MongoDB stores data as nested JSON documents. When migrating this data to MaxCompute, you need to extract specific fields using dot-notation paths and map them to the correct column types. This topic shows you how to use the Data Integration service of DataWorks to configure a batch sync job that reads nested JSON fields from a MongoDB collection and loads them into a MaxCompute table.

The example uses an ApsaraDB for MongoDB instance in a virtual private cloud (VPC) and extracts the store.bicycle.color field from a nested JSON document.

Prerequisites

Before you begin, make sure you have:

MaxCompute and DataWorks activated. For more information, see Activate MaxCompute and DataWorks.
A MaxCompute data source added in DataWorks. For more information, see Add a MaxCompute data source.
A workflow created in your workspace in basic mode. For more information, see Create a workflow.

Step 1: Prepare test data in MongoDB

This step creates a database user, uploads sample JSON data to MongoDB, and confirms the data is accessible before you configure the sync job.

Create a database user

Create a user in your MongoDB database so DataWorks can connect to it. Run the following command:

db.createUser({user:"bookuser",pwd:"123456",roles:["user1"]})

This creates a user named bookuser with password 123456, assigned to the user1 role, which has data access permissions.

Upload test data

If you use an ApsaraDB for MongoDB instance in a VPC, apply for a public endpoint for the instance first. DataWorks shared resource groups connect to MongoDB over the public network.

Upload the following JSON document to the userlog collection in the admin database:

{
    "store": {
        "book": [
            {
                "category": "reference",
                "author": "Nigel Rees",
                "title": "Sayings of the Century",
                "price": 8.95
            },
            {
                "category": "fiction",
                "author": "Evelyn Waugh",
                "title": "Sword of Honour",
                "price": 12.99
            },
            {
                "category": "fiction",
                "author": "J. R. R. Tolkien",
                "title": "The Lord of the Rings",
                "isbn": "0-395-19395-8",
                "price": 22.99
            }
        ],
        "bicycle": {
            "color": "red",
            "price": 19.95
        }
    },
    "expensive": 10
}

Verify the uploaded data

Log on to the MongoDB database in the Data Management (DMS) console and run the following command to confirm the data was uploaded:

db.userlog.find().limit(10)

Step 2: Configure the sync job in DataWorks

This step creates the destination table in MaxCompute, adds MongoDB as a data source, and configures a batch sync node that maps the JSON field path to the MaxCompute column.
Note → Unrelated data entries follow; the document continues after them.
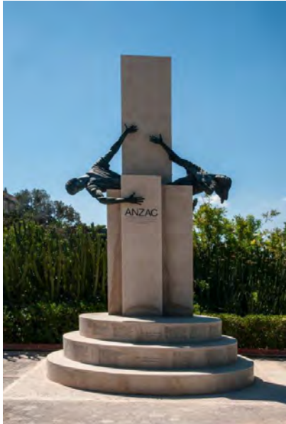
ANZAC Memorial: Inaugurated on 25 May 2013, it is located in the Argotti Gardens in Floriana. The memorial commemorates the 270 Australian & New Zealand soldiers buried in Malta
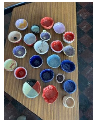
Smudge Bowls for Each Class – June 2026
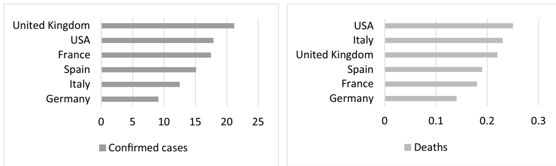
Fig. 1 Confirmed cases and deaths per 100 population.

hand, [20] suggest that income inequality by county in the United States positively impacts COVID-19 incidence and mortality rates. At a more general level, [21] reach the same conclusion, i.e., in the case of OECD countries, greater income inequality is associated with higher COVID-19 mortality for the four age groups they establish. Thus, income inequality is an indicator that incorporates a series of elements of socioeconomic disadvantage that can have an impact on higher incidence and mortality rates of the virus. These include precarious housing, smoking, obesity and pollution [22].
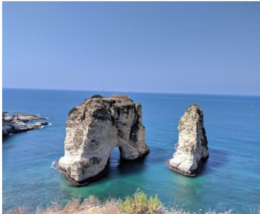
La Raouché, Beirut.

OPPOSITE, CLOCKWISE FROM TOP Beirut souks .
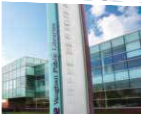
Pierre Berton Resource Library
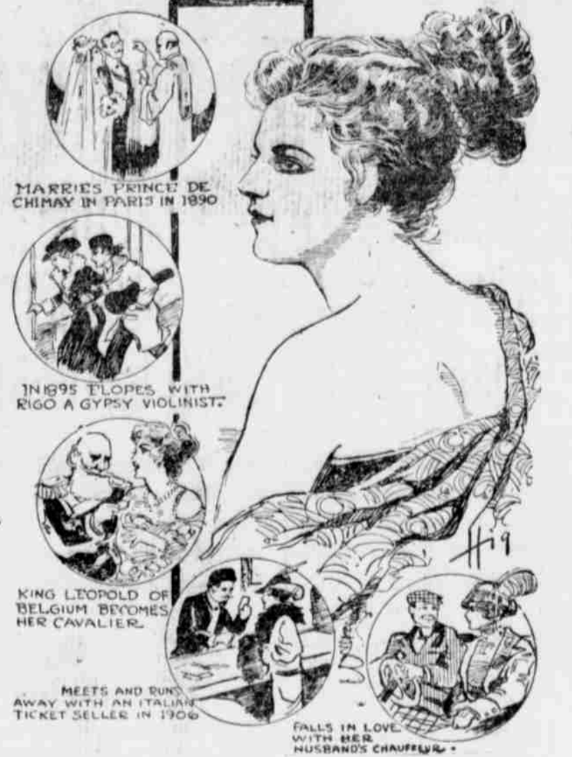
Once famous American Beauty disinherited. Clara Ward, who was the Princess de Chimay, and sketches showing her various love episodes which scandalized the world.

It's poor economy to use a "make-shift" when you can buy the best ladder on the coast, made at home, at a lower price than any other good ladder. This ladder is securely braced throughout, a rod under each step, no nails to come out, nothing but rivets and bolts used in its construction. Orders by phone or mail filled promptly. For sale by all dealers and factory, 36 S. Riverside, phone 392-J.
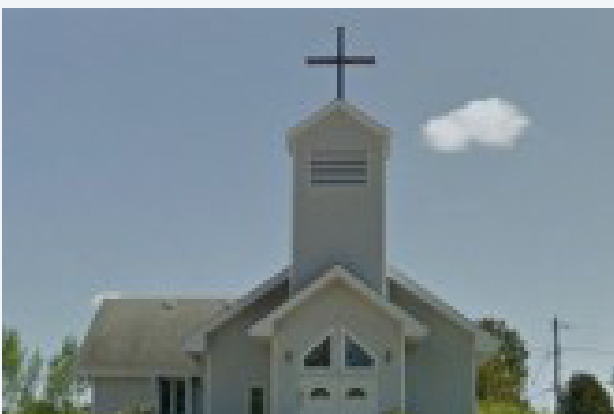
• Emmanuel Anglican/United Church
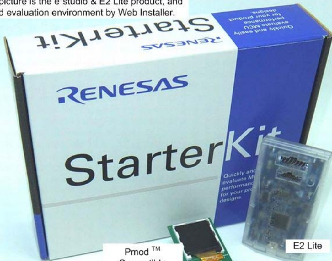
Pmod™ Compatible Color LCD board

This kit picture is the e 2 studio & E2 Lite product, and can build evaluation environment by Web Installer.
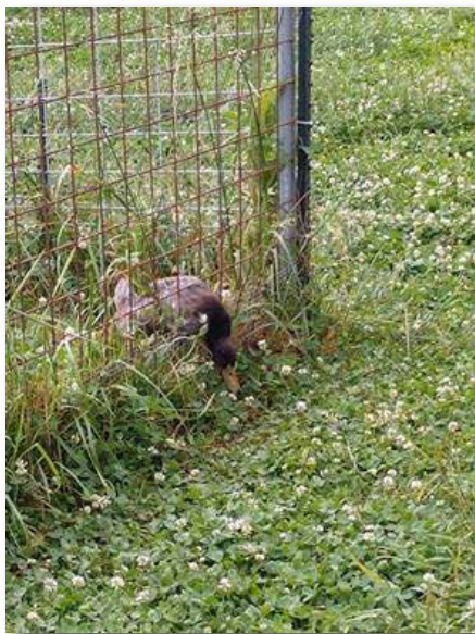
Here's a couple of photos of one really aggressive guy trying to get at two on the other side of the fence panel.

I have two groups of male ducks for training, having traded out my flighty sheep with due respect for my precious lower extremity joint replacements. Three older ducks have been together several years as one group and the other group has 13 year and a half old Blue Swedes. They each have their separate nighttime predator protected places within a fully fenced/roofed
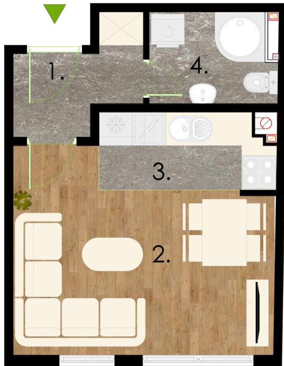
STAN BROJ 2 P = 26,52 m2
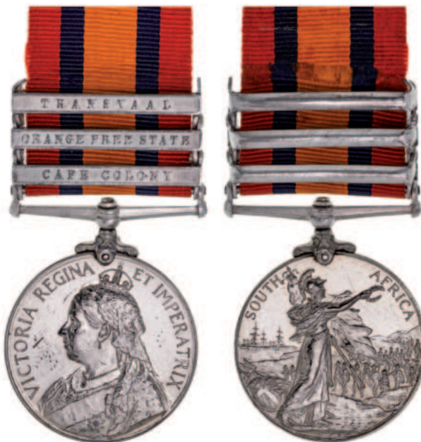
2957* Queen's South Africa Medal 1899 , (type 3 reverse), - three clasps - Cape Colony, Orange Free State, Transvaal. 3450 Tpr: H. T. (sic, should be F) Hadfield. N.S. Wales I.B. Impressed. Hairlines, otherwise good very fine.

Together with 2TIB (2 Tasmanian Imperial Bushmen) brass shoulder title; folding utensils set by Singleton & Priestman of Sheffield, includes fold-out knife, fork and spoon, metal cover inscribed on one side, 'J.H.H. 184. T.I.B.'; smoking pipe; walking stick with silver end piece and silver top band marked 'W.Golding/Stg.Silver' and inscribed, 'Presented to/Trooper J.H.Johnson/2nd T.I.B./Returned 15.6.02'; Boer War greeting cards with printed triple leaf-like inserts, one features emus on the centre leaf and the other features a wounded soldier, also various photos and documents relating to Johnson and his war service; a large family photo album, also includes some memorial cards for family members; various photos (over 70) relating to J.H.Johnson's son who served in WWII with RANR, noted a Leave Ticket for HMAS Huon 9-5-46 to 8-6-46, and an HMAS Cerberus Christmas Day 1940 Menu card.
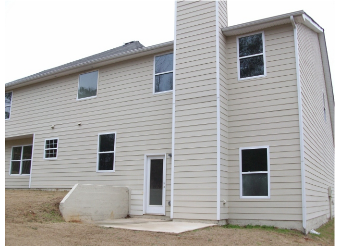
Description: A general view of the building exterior from the west (top left); from the southwest (top right); from the southeast (bottom left); from the east (bottom right)
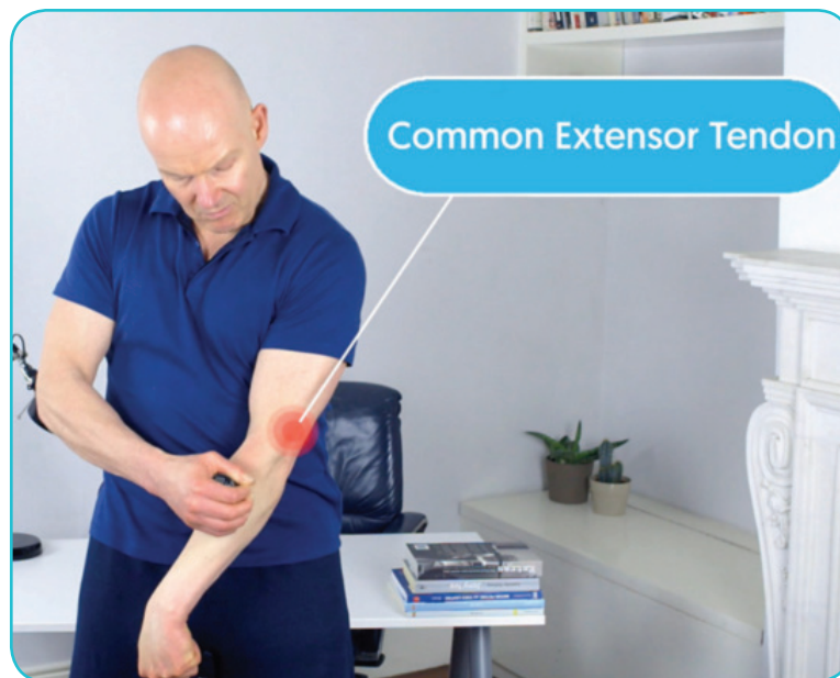
figure 1 - Origination point of the forearm [extensor] tendon responsible for Tennis elbow pain and discomfort

This is a painful condition typically aggravated by tension in the wrist and finger extensor muscles located in the forearm [posterior]. These muscles can shorten in length due to a variety of factors such as age; poor work posture; repetitive strain; general over-use or a reduction in blood flow from injury and will usually result in pain, general discomfort and inflammation in the tendon which connects them to the elbow joint [figure 1].
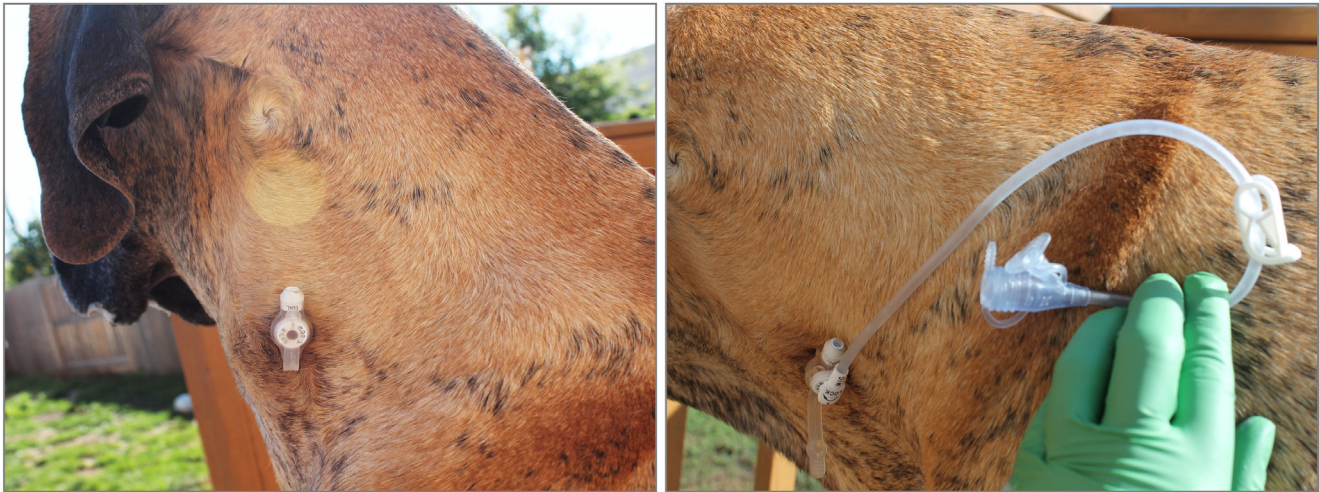
FIGURE 4 Mic-Key LP “button” J tube (left) and with locking extension tubing attached (right)

after suture removal healed within approximately 10 days. The tube tip is slightly bulkier than the rest of the tube, and because of its flexibility this tube was more difficult to place. The tube's flexibility derives in part from antikink technology, which resembles a metal “slinky” spring in the wall of the tube, and may prove useful in decreasing the frequency of tube displacement. Regarding functionality, the G-port and extension were very easy to use for administering liquid sucralfate to the esophageal mucosa. The J-port and extension also were used with ease for feeding liquified kibble of the same consistency as used with the standard E-tube. The ports were difficult to confuse because they each have a different extension set that will not fit the other port. This tube did not appear to become discolored or degrade during the 4-week trial and potentially could have been used for a longer time period. The button system appeared overall to be easier to use than the standard E-tube because, subjectively, it caused less disturbance to the dog and had a 30 cm extension set so that syringe reloading, connection and disconnection could be accomplished more easily. Subjectively, the dog showed greater acceptance of this intervention compared to the standard E-tube and did not try to remove the tube. An Elizabethan collar was not required. The only disadvantage was the high cost, of approximately $750 USD.

Create the destination table in MaxCompute

Log on to the DataWorks console.
Right-click your workflow and choose new > MaxCompute > table.
On the create a table page, select the engine type and enter a table name.
On the table editing page, click DDL Statement.
In the DDL Statement dialog box, enter the following statement and click Generate Table Schema:

Important
The table name in the DDL statement must match the Name value you set in the create a table page.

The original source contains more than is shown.